Problem. Exactly the lines from the one containing "Wewnątrz znajduje się" through the end of the listing must make up the answer, with no pictures included.

Input data.

☆ ☆ ☆ ☆ ☆

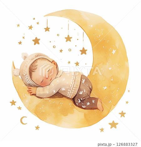 Sleeping baby rests peacefully on a crescent moon surrounded by twinkling stars in a serene night sky
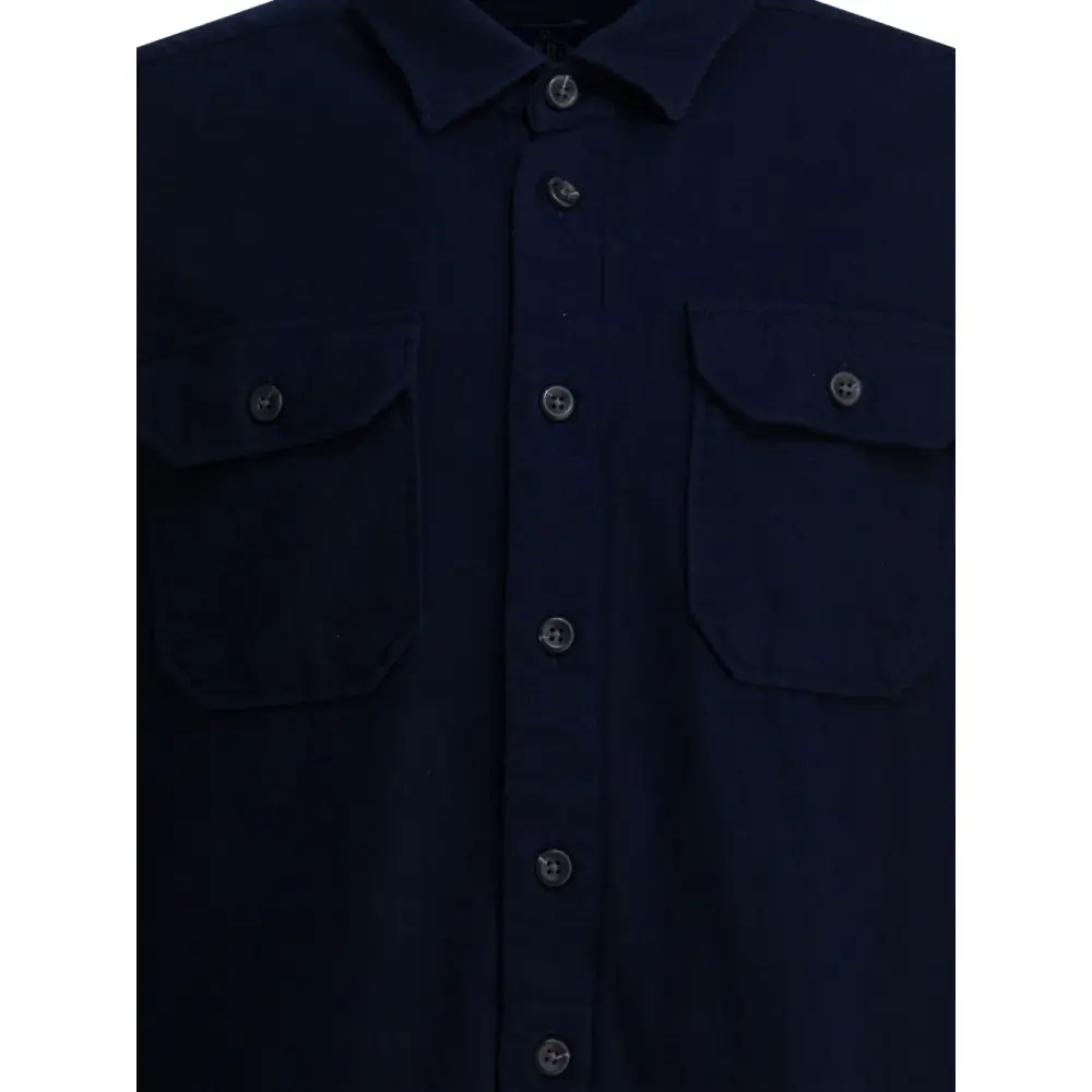 голубая рубашка с застёгивающимися на пуговицы длинными рукавами, нагрудными карманами и прямым подолом
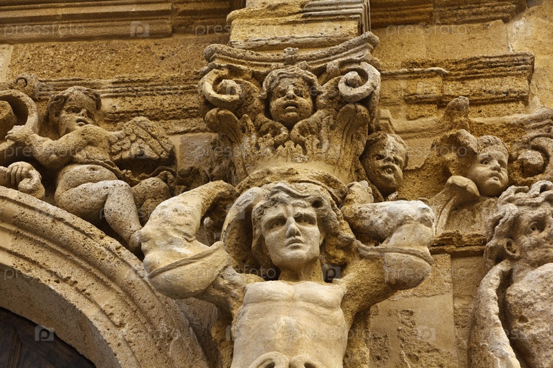 Барочные скульптуры на входе старого здания на площади Плебисцито, Италия
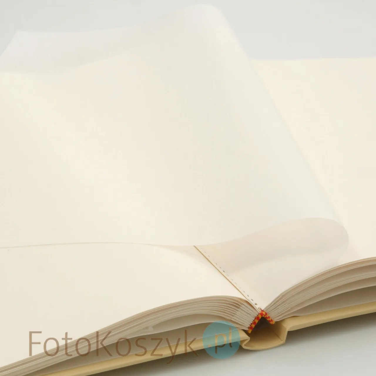 Wewnątrz znajduje się 24 strony (12 kart) w kremowym kolorze, przekładanych białym pergaminem. Pergamin chroni fotografie przed sklejaniem i zarysowaniami, a jednocześnie dodaje im elegancji. Strony są wszywane w grzbiet, co zapewnia trwałość i wygodę w przeglądaniu albumu.
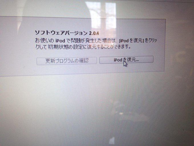 iPodの中のデータが全部消えて半年以上。そんなに音楽聞くタイプじゃないから気長に色々してたけど、そろそろちゃんとなってくれよ!まずパソコンにつないだ時点でiTunesに表示されへんのってなんで😞
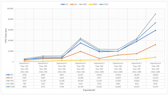 Evaluation results of execution time (CPU time) criterion for the traveling salesman problem with large parameters (in milliseconds).
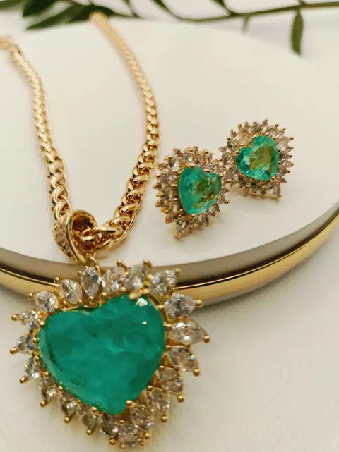 CONJUNTO COLAR E BRINCO CORAÇÃO TURMALINA VERDE BORDA GOTA ZIRCONIA

☆ ☆ ☆ ☆ ☆

Reply to the task.
 Wewnątrz znajduje się 24 strony (12 kart) w kremowym kolorze, przekładanych białym pergaminem. Pergamin chroni fotografie przed sklejaniem i zarysowaniami, a jednocześnie dodaje im elegancji. Strony są wszywane w grzbiet, co zapewnia trwałość i wygodę w przeglądaniu albumu.
 iPodの中のデータが全部消えて半年以上。そんなに音楽聞くタイプじゃないから気長に色々してたけど、そろそろちゃんとなってくれよ!まずパソコンにつないだ時点でiTunesに表示されへんのってなんで😞
 Evaluation results of execution time (CPU time) criterion for the traveling salesman problem with large parameters (in milliseconds).
 CONJUNTO COLAR E BRINCO CORAÇÃO TURMALINA VERDE BORDA GOTA ZIRCONIA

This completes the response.